# Alberta Weather !!



## bullseye (Dec 13, 2009)

Finally back on here after a long break !!! 
 Hate to rub it in but I haven't even been thinking about snow or plowing it (yet). We have had the nicest October ever, nice and warm !! And November is starting really nice too, today was about +16 C. It's about time because our summer was pretty wet(rain) and only 1 or 2 days of +30 C all summer. 
We have been getting lots of fog though. I've been told that 100 days past a morning fog you will get rain. It held true all summer so maybe will get rain/snow mix or sleat this winter. Probablly just enough to make it really icy !! 
*OR* hopefully we will have this great sunny weather till Feb. or March AND then get nice !! YEAH RIGHT !!! :laughing:


----------



## buckwheat_la (Oct 11, 2009)

im guessing that we are going to have a winter like we did 2 years ago, looking forward to it myself. Would be great on the pocket book. You are right though, the last 3 weeks have been better then our entire summer.


----------



## ForestEdgeSnow (Aug 12, 2010)

Here in Southern Colorado we have been haveing a heat wave since September.

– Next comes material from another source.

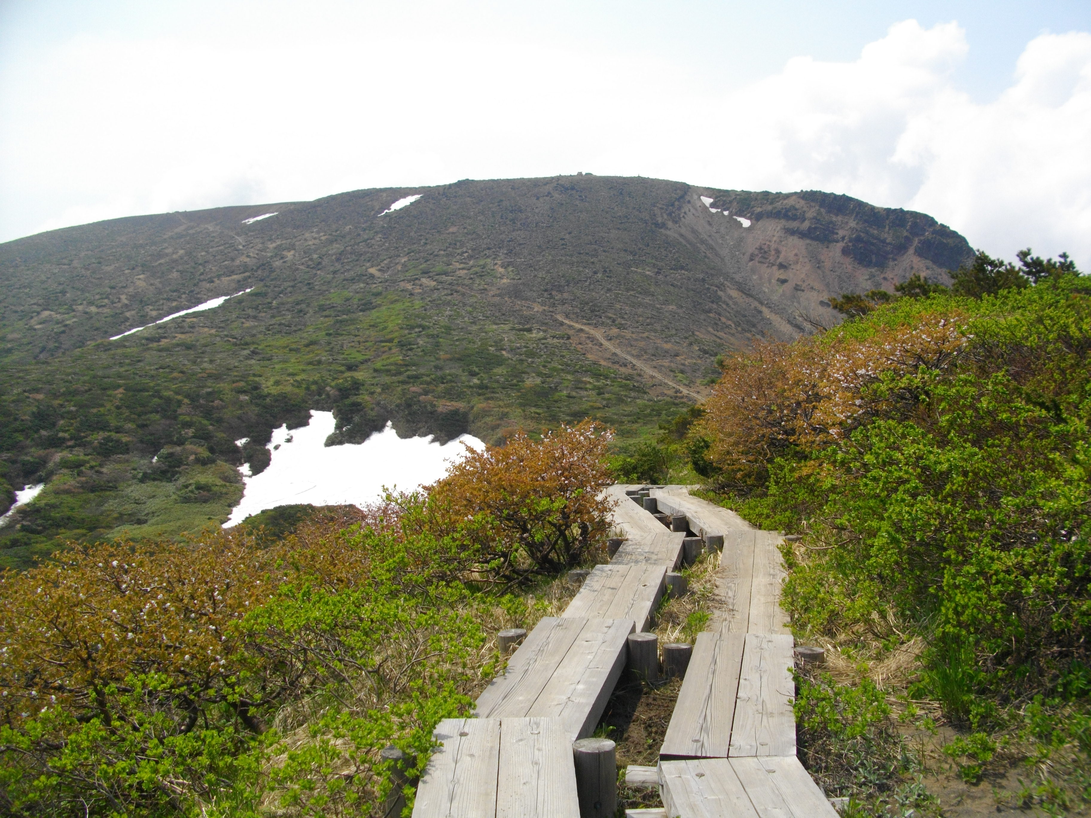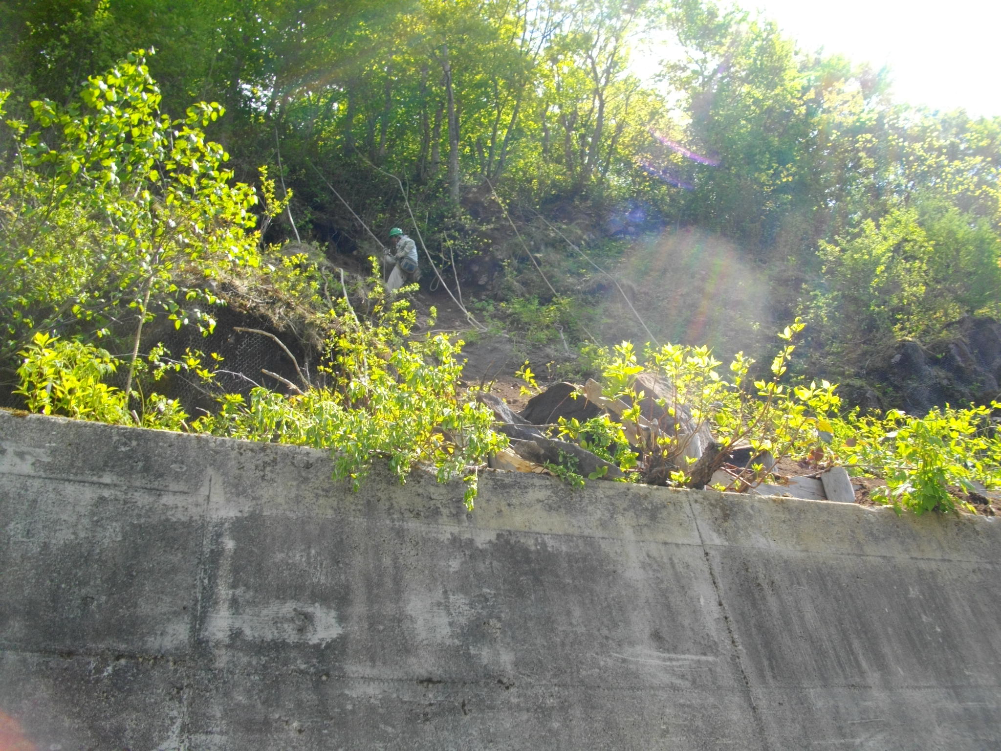 c18af106.JPGル・ベール蔵王玄関前・朝7時・12度・晴・弱風。今日始めて祓川登山道に蔵王林道から行ってきました。蔵王林道はは6月19日迄蔵王ラインから蔵王林道通行禁止です。写真は今日落石の斜面の浮石を工事作業者が林道に落としている所です。この場所手前まで車で送ってもらい林道を祓川登山道口まで歩きました。祓川登山道水浸しで足元がグジャグジャの所が数箇所あります足首まで水浸しになります。登山道両側ツツジが綺麗でした。倒木が2ケ所有り鉄橋する必要があります。新緑が美しく虫も少なく快適なトレッキングでした。19日までは蔵王ロープウェイ山麓線⇒ユートピア夏山リフト⇒菖蒲沼ゲレンデ方面連絡コース⇒祓川登山道のコースが手軽にトレッキングに良いようですリフト上(標高1.420m)から約90分で中森ゲレンデ登山道口(標高900m)へ降りれます。二度川橋2ヶ所板を剥がして危険箇所を教えています。端から15m上4年前雪融けで階段崩落した所更に土砂崩れしました。一日も早い復旧が

I have alway had a plowable event in October some I have 3 or 4. This October it has only snowed twice and both times it was less than a trace. 

Thank You
Justin


----------



## buckwheat_la (Oct 11, 2009)

Alberta better get ready, looks like the first storm of the season is going to be a big one!!!


----------



## dellwas (Oct 16, 2005)

Ditto here on the East Coast. Nova Scotia's South Shore hit 18C yesterday....


----------



## buckwheat_la (Oct 11, 2009)

Are you guys expecting snow?


----------